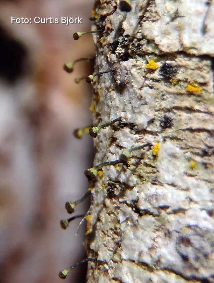 Summary. Chaenotheca laevigata is widely distributed in Northern Europe, and less common in other parts of Europe. Has been found in North America, and is rare in Eastern Asia. There is one locality in Latvia – it was found in Vidzeme Region, near Limbaži, in 2019. The EOO and the AOO are 4 km2. An epixylic species. Mostly grows on standing dead wood, including stumps (conifers, less commonly broad-leaves) in old natural forests. It grows in forests with high and stable humidity. The species is threatened by forest management activities that involve the removal of dead wood or alter the microclimate. Assessed as a Critically Endangered (CR) species due to the small AOO and EOO and the low number of locations, a decline in habitat quality is expected, and the number of mature individuals does not exceed 50. The species must be included on the list of protected species. The only locality is outside protected areas. The locality of the species must be protected, and old coniferous and mixed forests, including standing dead wood, must be conserved, and activities that alter the forest microclimate (logging, drainage, etc.) must be avoided.
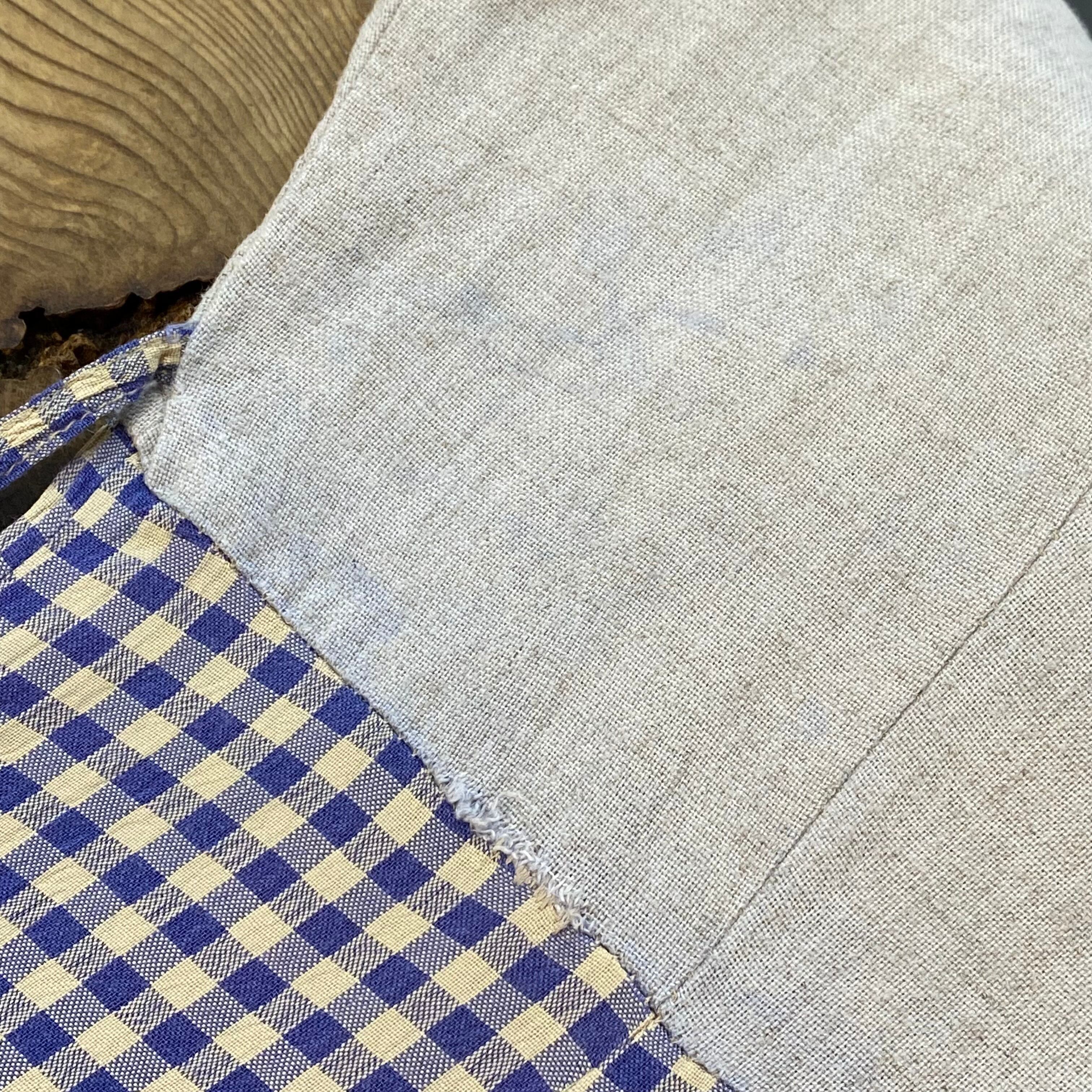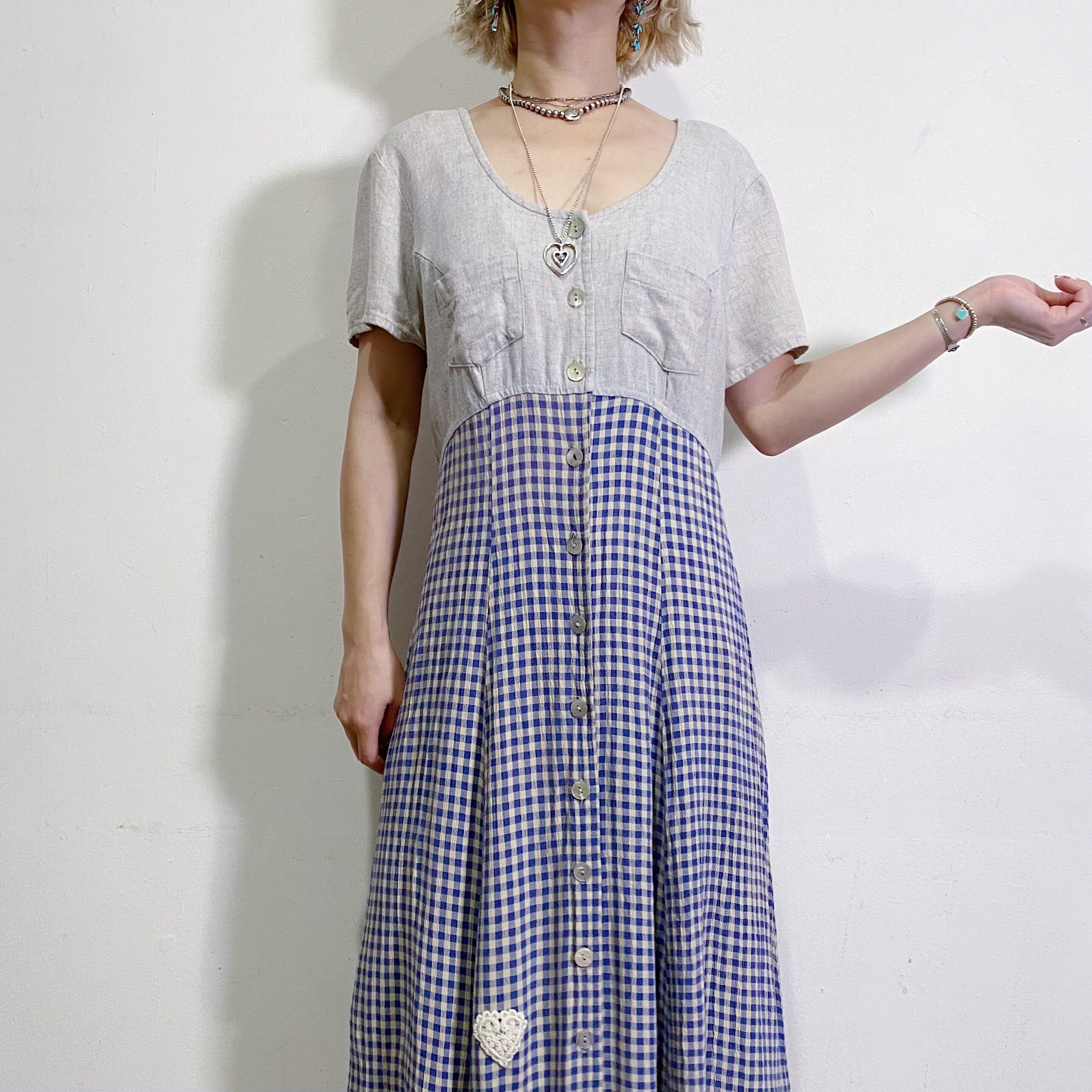 リネンとレーヨンの切り替えが可愛い、半袖ワンピースです。
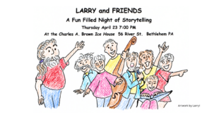 Join Larry and Friends for a fun-filled night of storytelling on Thursday, April 23, 7pm to 9pm, at the Ice House, 56 River Street, Bethlehem, PA, and featuring, from left to right, Larry Sceurman with Charles Kiernan, Denise McCormack, Geoff Fleming, Dave Howell, Ingrid Bohn, Nancy Scott, and Karen Maurer.
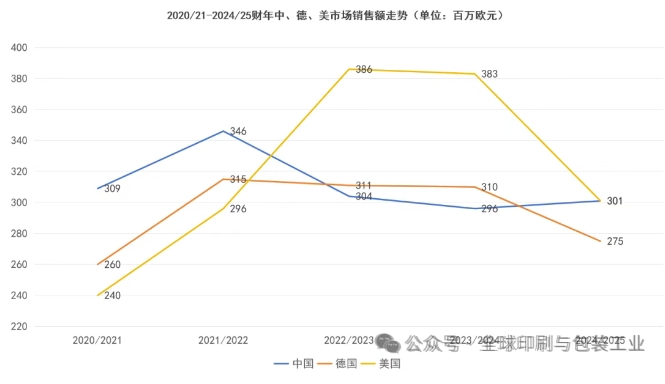 在過去五年中,海德堡在中國和美國的銷售表現(xiàn)呈現(xiàn)出動(dòng)態(tài)變化的趨勢(shì)。中國市場在初期曾占據(jù)優(yōu)勢(shì),隨后美國市場在中間兩年實(shí)現(xiàn)反超,而到了最新的2024/25財(cái)年,兩國市場則達(dá)到了驚人的平衡狀態(tài)。這種銷售額的此消彼長以及最終的持平,反映了海德堡在全球兩大關(guān)鍵市場所面臨的不同機(jī)遇和挑戰(zhàn),以及其可能采取的區(qū)域性策略調(diào)整。
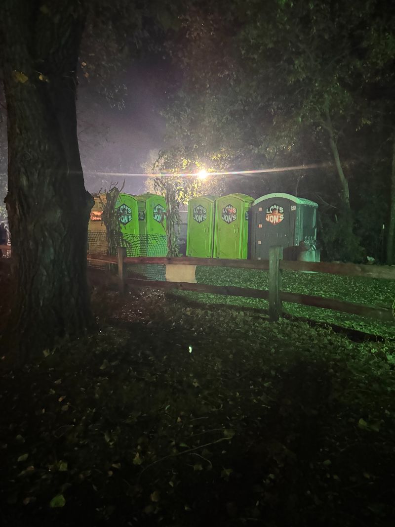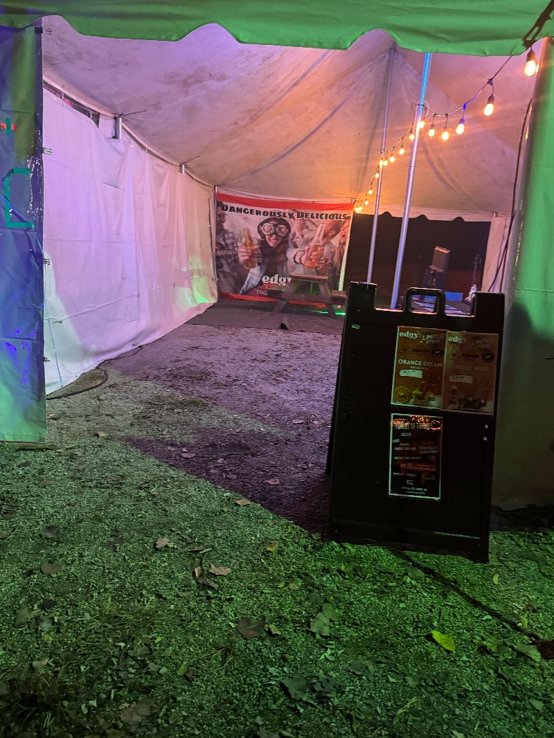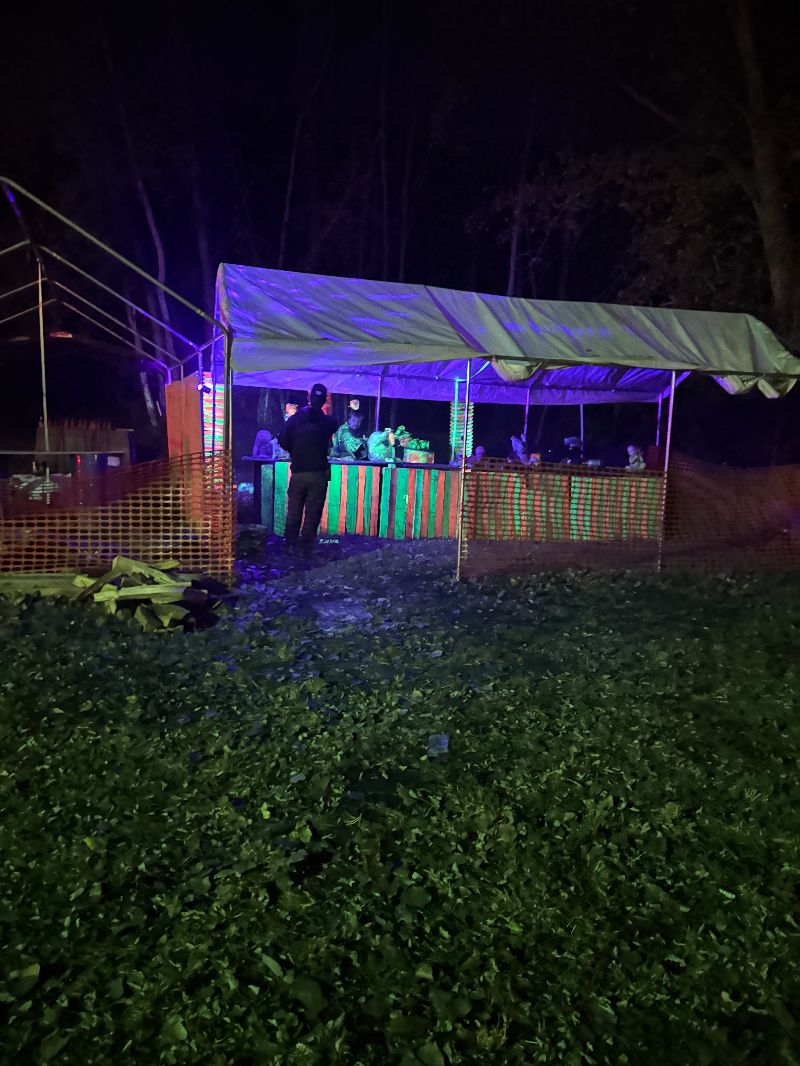 Once we completed the main haunt, we were brought back into the main midway area. In this area, you can find the bonfire previously mentioned along with a food area, porta-potties, and some tables to sit around at. This area also had a 21+ bar paired with a THC bar, which is something new and interesting that we have not seen before. This midway area is also the spot to find Shoot A Freak, which is a paid add-on to shoot paintballs at targets and an actor in a shooting gallery.
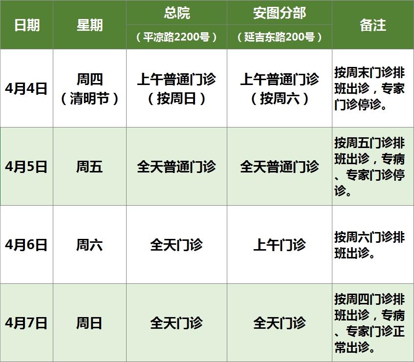 杨浦各医院清明假期门急诊安排来了!请收好→
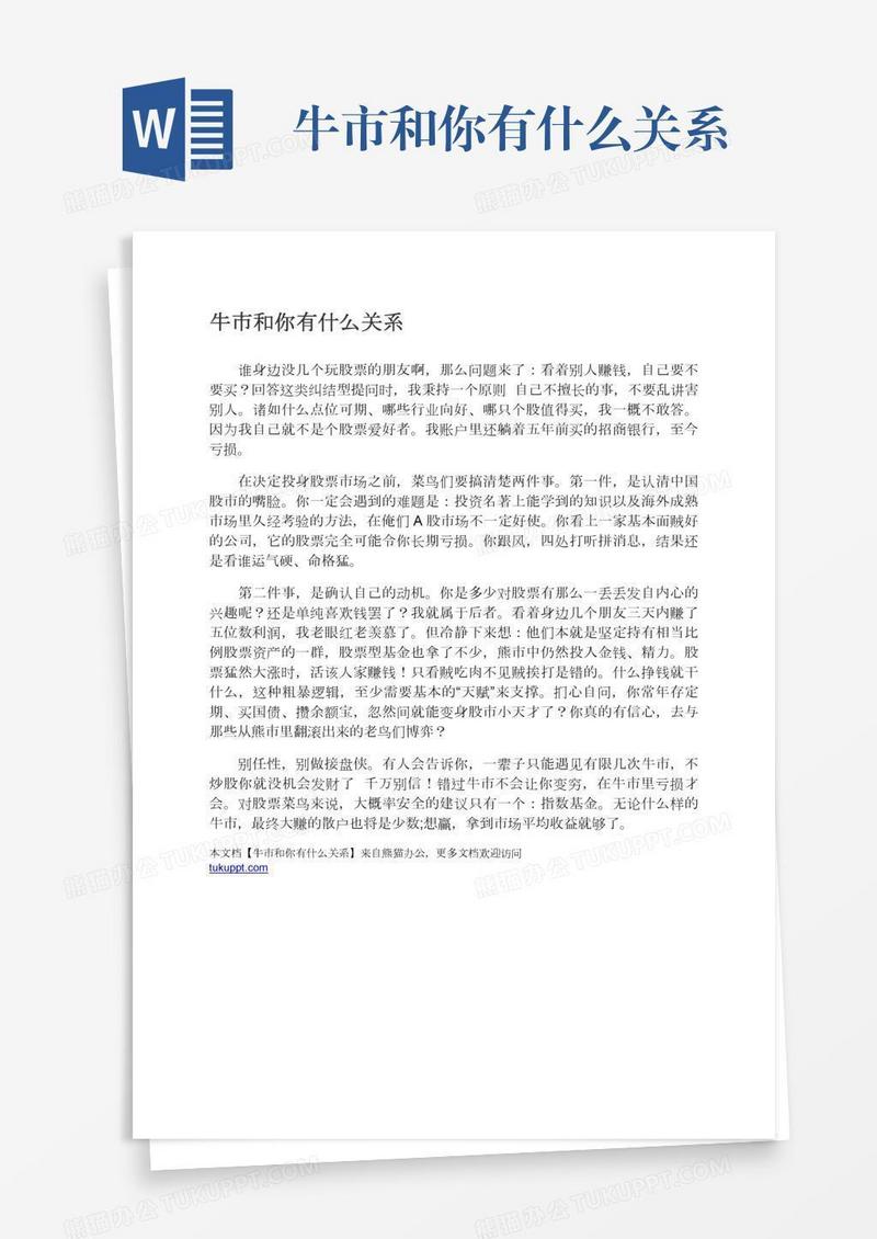 本作品为牛市和你有什么关系, 编号:016qo8jno9, 格式为 docx, 大小1 MB, 本作品下载后,先解压,解压之后用推荐软件 Word(2010) 打开, 然后进行编辑功能。
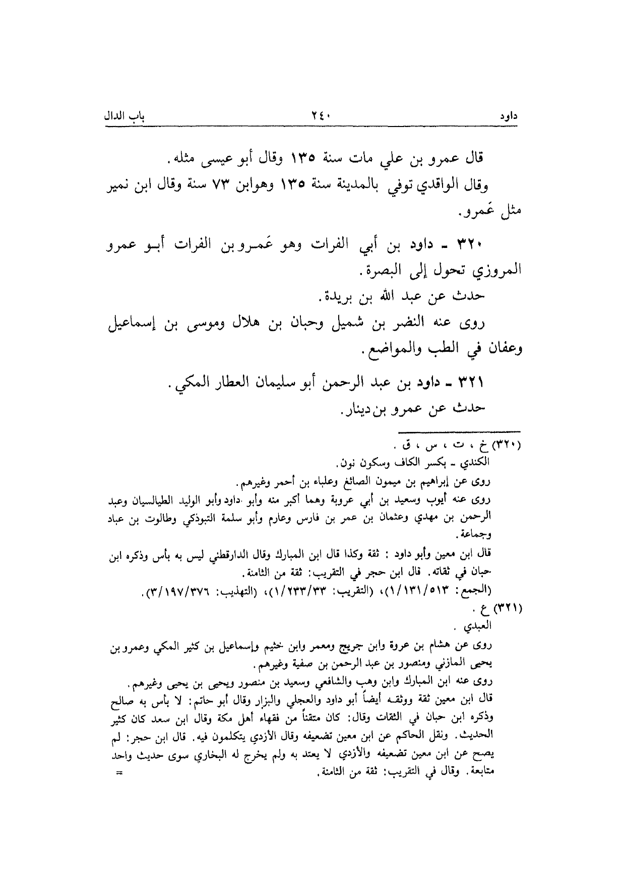 320 - دَاوُد بن أبي الْفُرَات وَهُوَ عَمْرو بن الْفُرَات أَبُو عَمْرو الْمروزِي تحول إِلَى الْبَصْرَة حدث عَن عبد الله بن بُرَيْدَة رَوَى عَنهُ النَّضر بن شُمَيْل وحبان بن هِلَال ومُوسَى بن إِسْمَاعِيل وَعَفَّان فِي الطِّبّ والمواضع
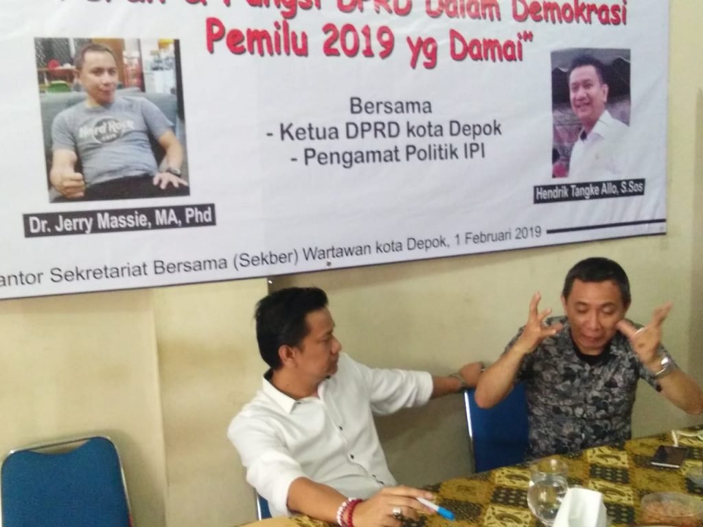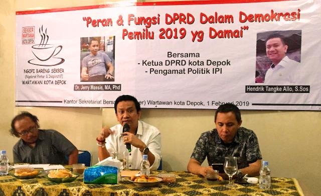 SUARA JABAR SATU.COM | DEPOK – Ngopi Bareng Sekber Wartawan Kota Depok Sessi ke-8 menghadirkan pembicara dari dua Narasumber Ketua DPRD Kota Depok Hendrik Tangke Allo, Pengamat dan Peneliti dari Indonesia Publik Institute (IPI) Jerry Massie.
☆ ☆ ☆
ABOUT THIS TASK —
Using the data above, print only the lines starting at the one with "Once we completed" and ending at the one with "320 - دَاوُد", exactly as they stand, minus the pictures.

TASK RESPONSE —
 Once we completed the main haunt, we were brought back into the main midway area. In this area, you can find the bonfire previously mentioned along with a food area, porta-potties, and some tables to sit around at. This area also had a 21+ bar paired with a THC bar, which is something new and interesting that we have not seen before. This midway area is also the spot to find Shoot A Freak, which is a paid add-on to shoot paintballs at targets and an actor in a shooting gallery.
 杨浦各医院清明假期门急诊安排来了!请收好→
 本作品为牛市和你有什么关系, 编号:016qo8jno9, 格式为 docx, 大小1 MB, 本作品下载后,先解压,解压之后用推荐软件 Word(2010) 打开, 然后进行编辑功能。
 320 - دَاوُد بن أبي الْفُرَات وَهُوَ عَمْرو بن الْفُرَات أَبُو عَمْرو الْمروزِي تحول إِلَى الْبَصْرَة حدث عَن عبد الله بن بُرَيْدَة رَوَى عَنهُ النَّضر بن شُمَيْل وحبان بن هِلَال ومُوسَى بن إِسْمَاعِيل وَعَفَّان فِي الطِّبّ والمواضع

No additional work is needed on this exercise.